Continual learning (CL), also known as lifelong learning or incremental learning, is an approach that seeks to continually learn from non-iid data streams without forgetting previously acquired knowledge. The challenge in continual learning is generally known as the stability-plasticity dilemma, and the goal of continual learning is to strike a balance between learning stability and plasticity.

While traditional CL models assume new data arrives task by task, each with a stable data distribution, enabling offline training. However, this requires having access to all task data, which can be impractical due to privacy or resource limitations. In this study, I will consider a more realistic setting of Online Continual Learning (OCL), where data arrives in smaller batches and are not accessible after training, requiring models to learn from a single pass over an online data stream. This allows the model to learn data in real-time.

Online continual learning can involve adapting to new classes (class-incremental) or changing data characteristics (domain-incremental). Specifically, for class-incremental learning, the goal is to continually expand the model’s ability to recognize an increasing number of classes, maintaining its performance on all classes it has seen so far, despite not having continued access to the old class data. Moreover, there has been more recent work done in unsupervised continual learning . To narrow the scope of the vast CL landscape to focus on learning the impact of model size in CL performance, I will focus on the more common problem of class-incremental learning in supervised image classification in this study.

Continual learning techniques

Popular methods to mitigate catastrophic forgetting in continual learning generally fall into three buckets: :

  1. regularization-based approaches that modify the classification objective to preserve past representations or foster more insightful representations, such as Elastic Weight Consolidation (EWC) and Learning without Forgetting (LwF);
  2. memory-based approaches that replay samples retrieved from a memory buffer along with every incoming mini-batch, including Experience Replay (ER) and Maximally Interfered Retrieval, with variations on how the memory is retrieved and how the model and memory are updated; and
  3. architectural approaches including parameter-isolation approaches where new parameters are added for new tasks and leaving previous parameters unchanged such as Progressive Neural Networks (PNNs).

Moreover, there are many methods that combine two or more of these techniques such as Averaged Gradient Episodic Memory (A-GEM) and Incremental Classifier and Representation Learning (iCaRL).

Among the methods, Experience Replay (ER) is a classic replay-based method and widely used for online continual learning.
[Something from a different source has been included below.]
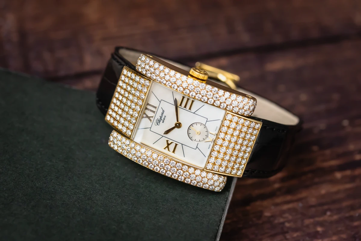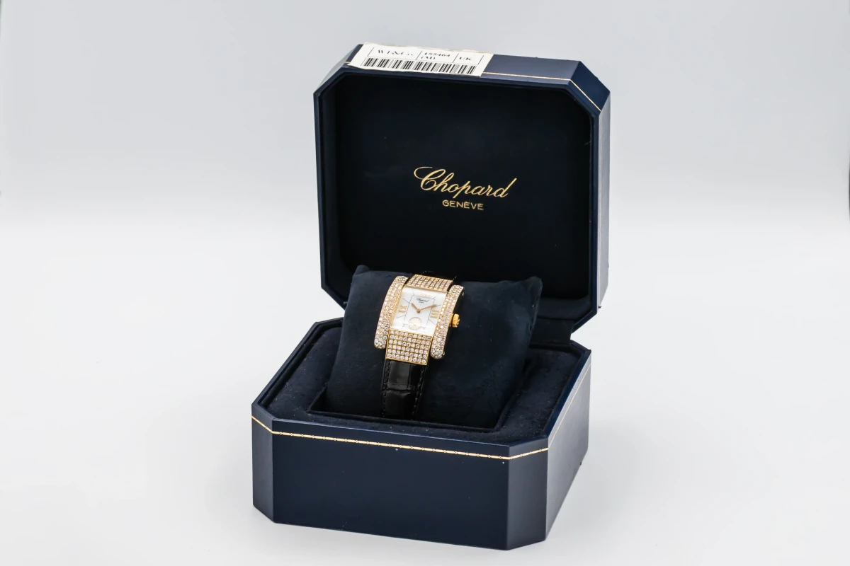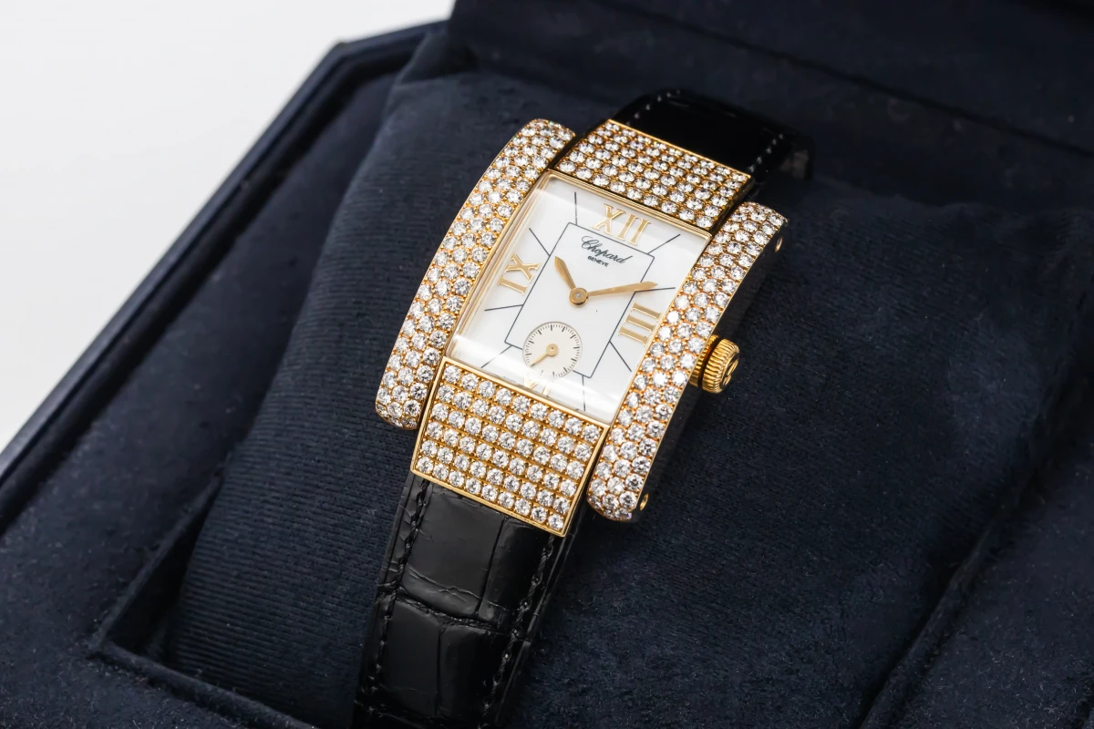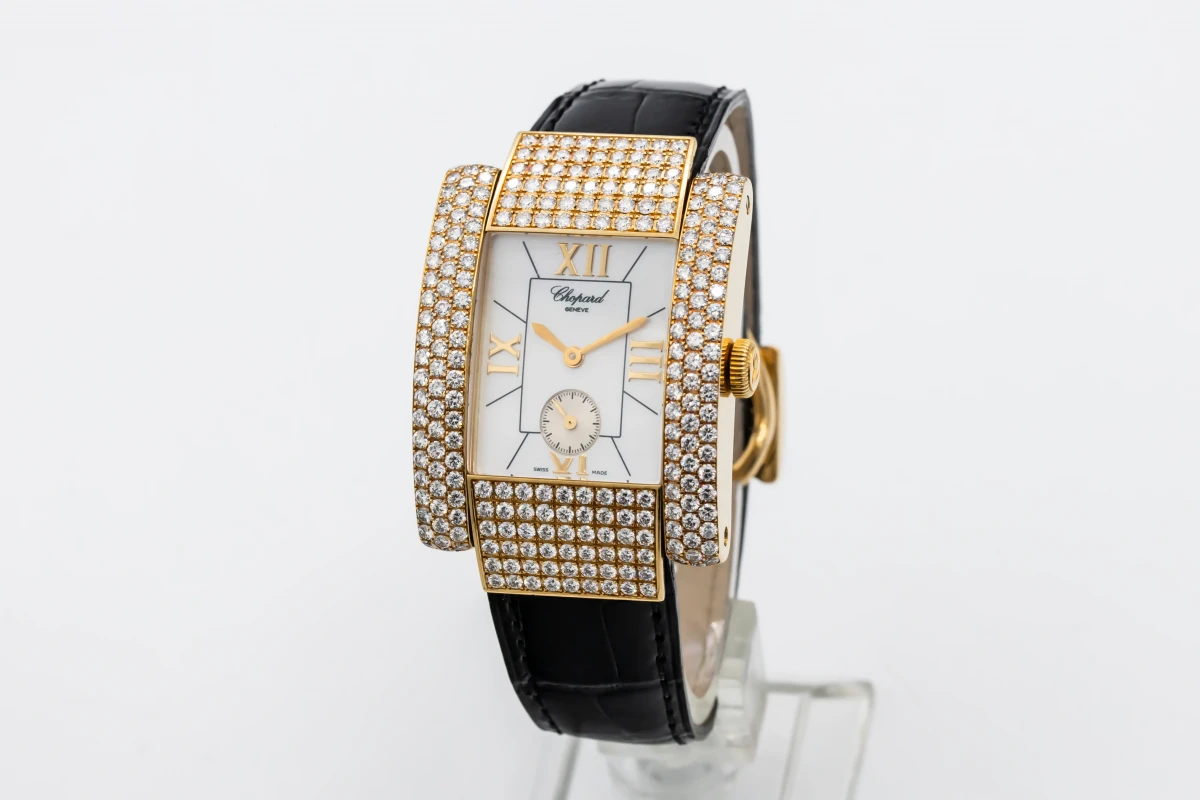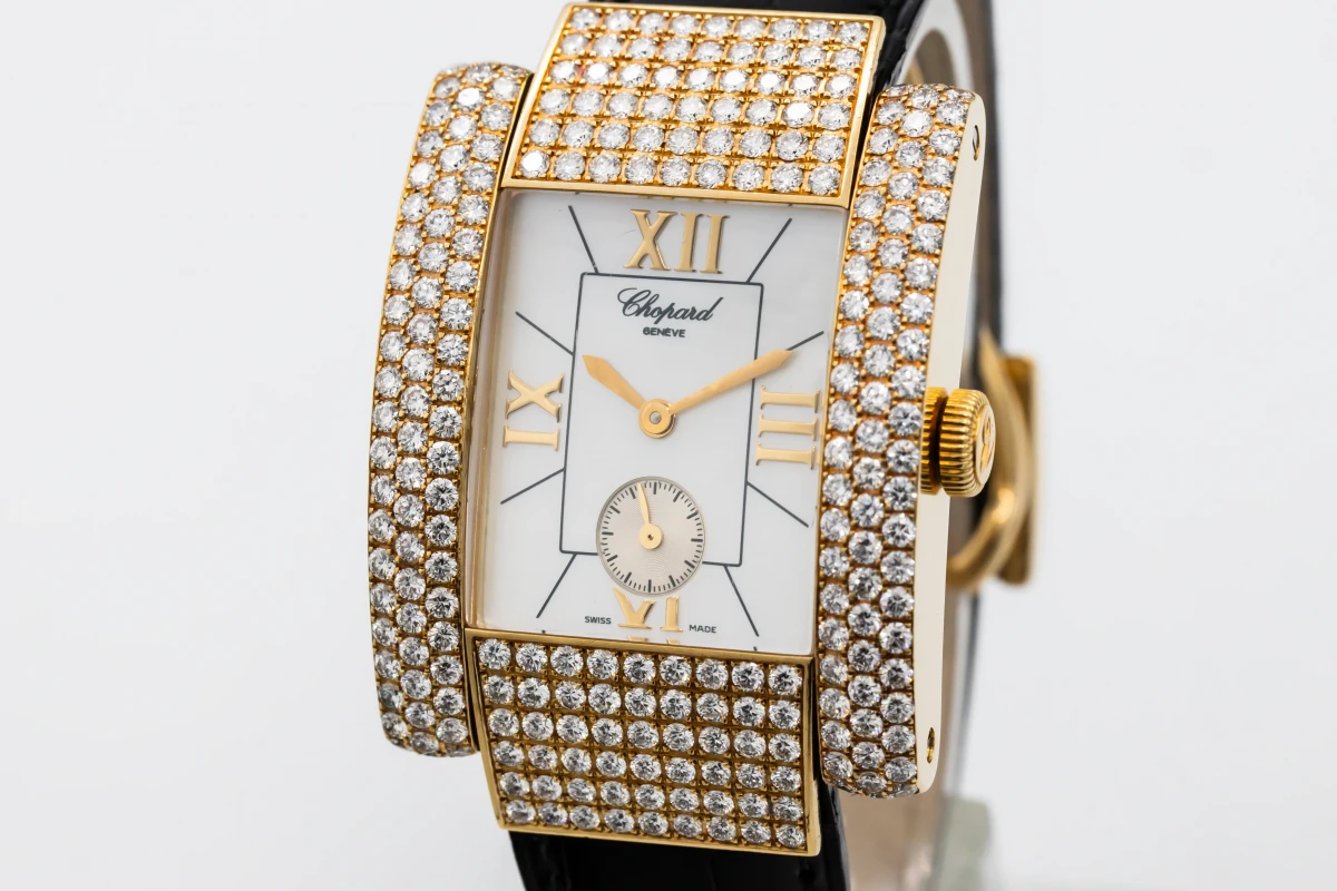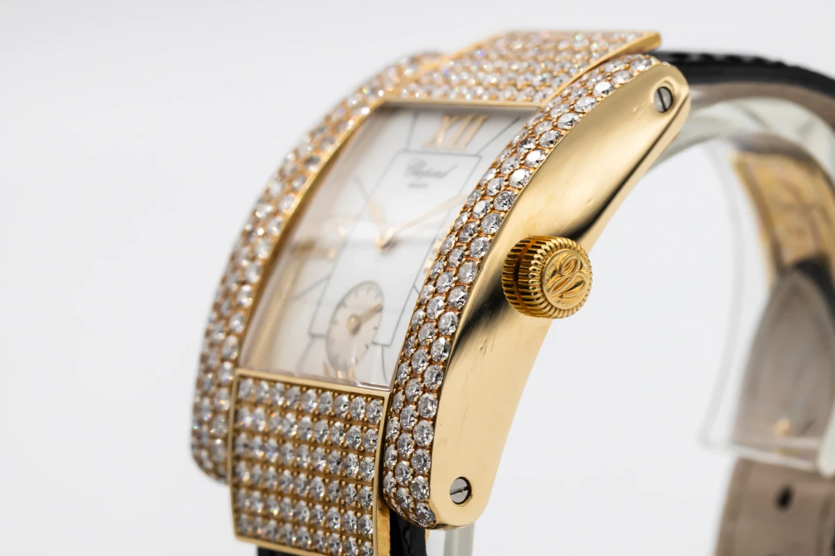 This circa 2008 Chopard La Strada 32mm features a mother of pearl dial with 18ct yellow gold roman numerals and a black leather bracelet. It also features a 18ct yellow gold factory diamond encrusted bezel.

Despite its simplicity, recent studies have shown ER still outperforms many of the newer methods that have come after that, especially for online continual learning .

Model size and performance

It is generally known across literature that deeper models increase performance. Bianco et al. conducted a survey of key performance-related metrics to compare across various architectures, including accuracy, model complexity, computational complexity, and accuracy density. Relationship between model width and performance is also been discussed, albeit less frequently.

He et al. introduced Residual Networks (ResNets) which was a major innovation in computer vision by tackling the problem of degradation in deeper networks. ResNets do this by residual blocks to increase the accuracy of deeper models. Residual blocks that contain two ore more layers are stacked together, and “skip connections” are used in between these blocks. The skip connections act as an alternate shortcut for the gradient to pass through, which alleviates the issue of vanishing gradient. They also make it easier for the model to learn identity functions. As a result, ResNet improves the efficiency of deep neural networks with more neural layers while minimizing the percentage of errors. The authors compare models of different depths (composed of 18, 34, 50, 101, 152 layers) and show that accuracy increases with depth of the model.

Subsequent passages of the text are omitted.